The little calico kitten, thin, bedraggled, walking on silent feet, made its tentative way into the stall where the big man slept. It sniffed his cheek, was stirred by a memory of a soft voice and gentle hands and curled up on his chest.
McBride slept on.
Sunlight bladed through the barn door and cast a rectangle of yellow light into the stall where McBride slept. He woke to see the kitten staring intently into his face.
‘‘Where have you been, Sammy?’’ he asked, smiling. He stroked the little cat’s matted fur and felt its ribs just under the skin. ‘‘Seems you haven’t been eating well lately. Well, that makes two of us.’’

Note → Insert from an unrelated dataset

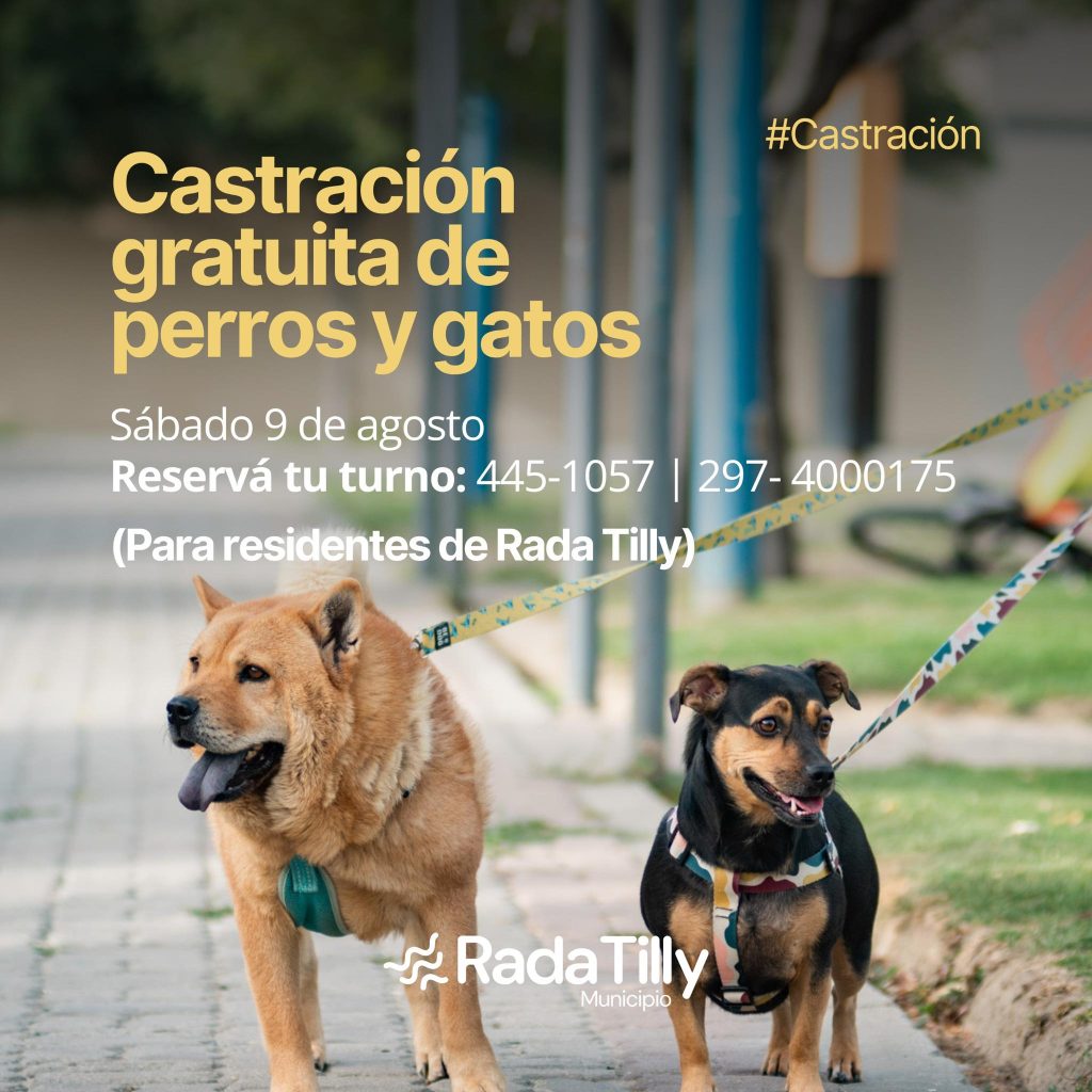 La Municipalidad de Rada Tilly informó que este sábado 9 de agosto se llevará a cabo una jornada de castración gratuita para perros y gatos, destinada exclusivamente a residentes de la ciudad.

It took McBride a considerable effort to get to his feet, a terrible weakness in him. The pain in his belly was much less, but it still gnawed like a bad tooth-ache and he felt light-headed and sick. He shoved the battered Colt into the hip pocket of his pants where it would be handy, then forked the mustang hay. His shirt was stiff with blood and he let it flap open as he stepped to the barn door, the kitten in his arms.
The black skies of the night were gone, replaced by an arch of deep violet where drifted a few puffy white clouds. The rising sun reached out to the mountains, deepening the shadows in the crevasses and ridges even as it splashed the flat rock faces with dazzling light. In homage to the newborn day the air smelled fresh, of pines and wildflowers, and came at McBride clean on the wind.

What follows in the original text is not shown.